The walk out. Looking back at the prominent Gimmer 


Sunday 19 June 2016

Glass half full day

We knew that very wet weather was due to come in from the west today, but it was forecast to get wet from about 2-3pm. So it was initially looking like a wash out, and that the weather had come in early as I had to put the wipers on this morning, and the road got wetter and wetter the closer we got to Langdale....

Ben on Annie's Song
But I was reminded today that its always worth remaining optimistic as it was almost dry in Langdale, and seeing climbers on Raven Crag gave us the incentive to head to White Crag and see what happened.

Good time to finish
We had a great few hours climbing Bee-Line (HS), Annie's Song (VS+) and I Crashed a Vulcan Bomber (VS+) . At times it drizzled but the rain held off until we had finished the 3rd route. It was satisfying getting back to the car before the heavens opened, but I did feel sorry for the 2 climbers we spotted on the traverse pitch of Pluto getting drenched as we left.

Wednesday 8 June 2016

Hot hot hot (rock)

A great weekends climbing was had by me and Ben.
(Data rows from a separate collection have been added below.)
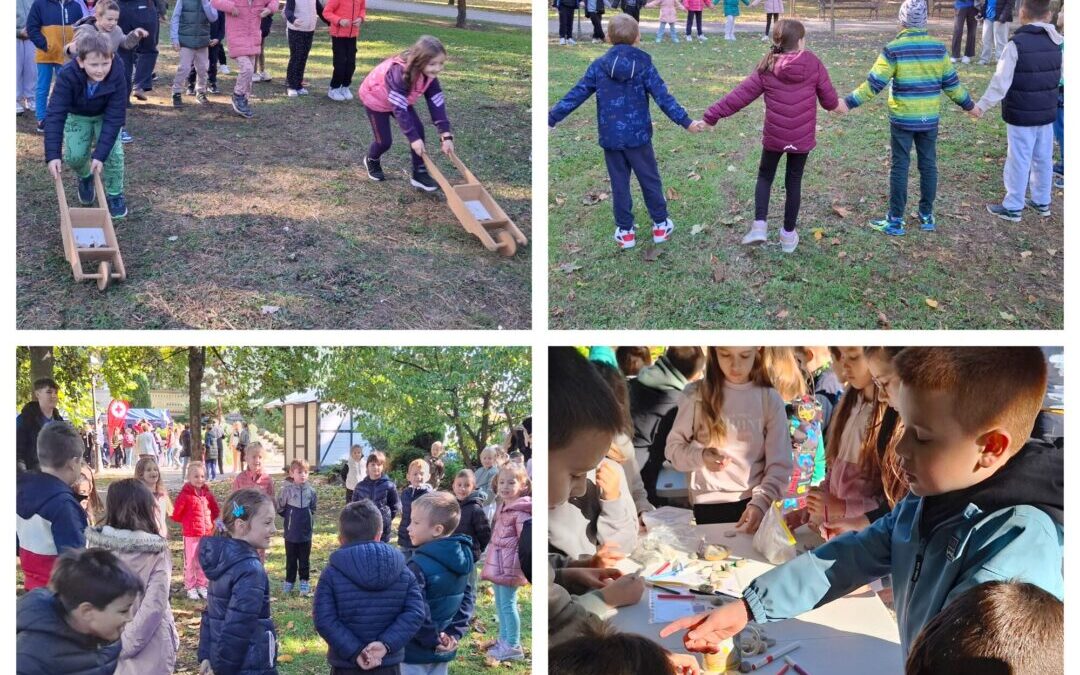 Učenici 1.-ih, 2.-ih i 3.a razreda pridružili su se tradicionalnom javnom okupljanju djece u gradskom parku povodom Dječjeg tjedna te ispunili dan zajedničkom igrom, druženjem, veseljem i stjecanjem novih vještina.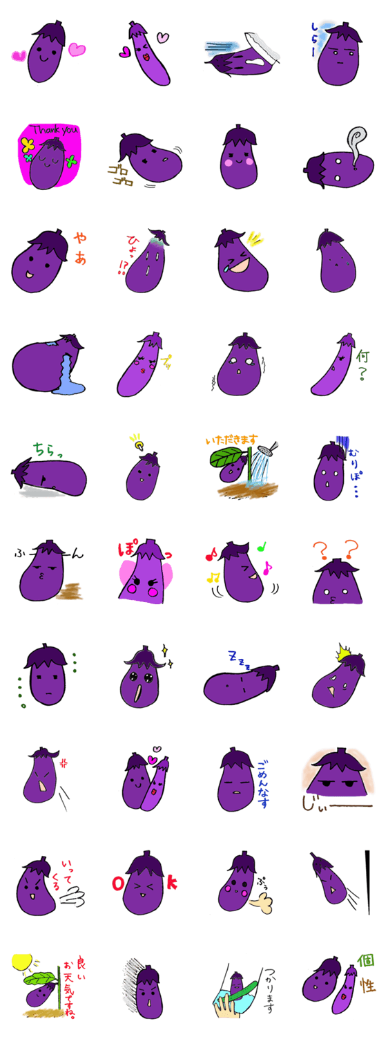 ナスのカップル、おっとりなすおとツンデレなすこのスタンプです。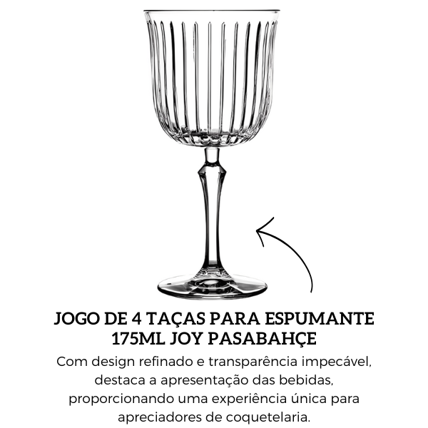 Jogo de 4 Taças Para Espumante Pasabahçe Joy 175ml Vidro Transparente ▾
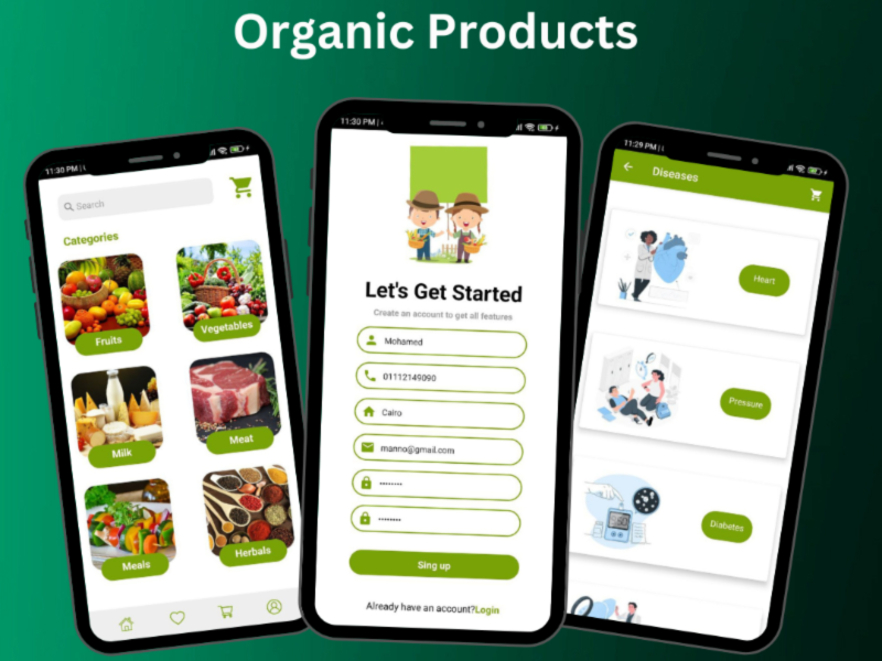 A store selling organic products and healthy foods. The store includes many features, which is that the store sells products that are free of chemicals and carcinogens, which are not available in most places, in addition to healthy meals and a nutritionist to follow the diet and some advice for diseases and information about products

Due to the dry sunny and settled weather we headed to Eagle Crag in Patterdale on Saturday to climb the classic 150m Eagle Front, a route of great notoriety that they say should only be considered during a dry period.

Eagle Crag further back centre (kind of)

Nearly there
I made a minor (nearly major) gaff by forgetting my water bottle and only discovering this after walking up hill for 30 minutes. Annoyed with myself for not checking my bag after packing it the night before I had to improvise and use a waterproof rucksack liner to gather water from the stream!! The route was fun, and we were lucky with the weather (not too crazy hot ).

Old pegs (and flower) on the nail ledge belay

Ben following the brilliant 7th pitch
Sunday saw another early start and red hot weather as we walked in to Dow Crag at 8.30am (I think). Wow was it hot, glad I had water this time. We were early (ish) but not the first there. We avoided the crowds and headed to Easter Gully (the amphitheatre) and climbed Great Central Route a 'brilliant' HVS. It packed a lot in, with a strenuous 5b (I think) crack/off width and amazing top pitch. I love the guidebook description 'A climb of great character up the imposing pillar......'. It was so hot that after this route all we could do is cool off in the lake before ice-creams in Coniston!!